Geography
- Location: 42 Inland Drive, Tugun, Gold Coast, Queensland, Australia

Organisation
- Type: Community hospital

Services
- Emergency department: Yes
- Beds: 345

Helipads
- Helipad: No

History
- Founded: 23 November 1993

Links
- Website: http://www.johnflynnprivate.com.au/

= John Flynn Private Hospital =

John Flynn Private Hospital is an acute care facility in the southern Gold Coast suburb of Tugun. The 345 bed hospital provides services to people of southern Gold Coast and parts of the Northern Rivers region of New South Wales.

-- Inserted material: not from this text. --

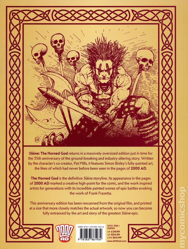 2nd and later printings. Written by Pat Mills. Art and cover by Simon Bisley. Sláine: The Horned God returns to print in a massively oversized edition just in time for the 35th anniversary of the ground-breaking and industry-altering story. Written by the character's co-creator, Pat Mills, and featuring fully-painted art the likes of which had never before been seen in the pages of 2000 AD. The Horned God is the definitive Sláine storyline. This anniversary edition has been rescanned from the original film, and printed at a size that more closely matches the actual artwork, so now you can become fully entranced by the art and story of the greatest Sláine epic. Softcover, 10-in. x 14-in., 208 pages, full color. Cover price $54.99.

Originally opened as the Moran Hospital of Excellence with the Moran Clinic. The hospital was not successful and was left abandoned by 1991. The hospital was revived by 1993 and renamed John Flynn who was responsible in 1928 for the first outback medical services which became known as the Flying Doctor Service.

John Flynn Hospital complex consists of the main hospital building, specialist medical suites, the John Flynn Cancer Centre, and the hospital also has an onsite 24-hour pharmacy.

== Facility services ==
- Anaesthesiology
- Bariatric
- Cardiac Services
- Chemotherapy
- Dental Surgery
- Dermatology
- Ear, Nose and Throat
- 24-hour Emergency Department
- Endo Alpha Theatre
- Endocrinology
- Gastroenterology
- General Surgery
- Gynaecology
- Gynaecology Oncology
- Haematology
- Internal Medicine
- IVF Service
- John Flynn Cancer Centre
- MRI
- Neurology
- Obstetrics
- Ophthalmology
- Oral and Maxillofacial
- Orthopaedic Surgery
- Paediatrics
- Pathology
- Plastic Surgery
- Radiation Oncology
- Radiation Therapy
- Radiography
- Radiology / Imaging
- Rehabilitation
- Renal Dialysis
- Respiratory Medicine
- Robotic Surgery
- Sleep Disorders
- Urodynamics
- Urology
- Vascular Surgery

== Location ==
John Flynn Private Hospital is located on 42 Inland Drive, Tugun.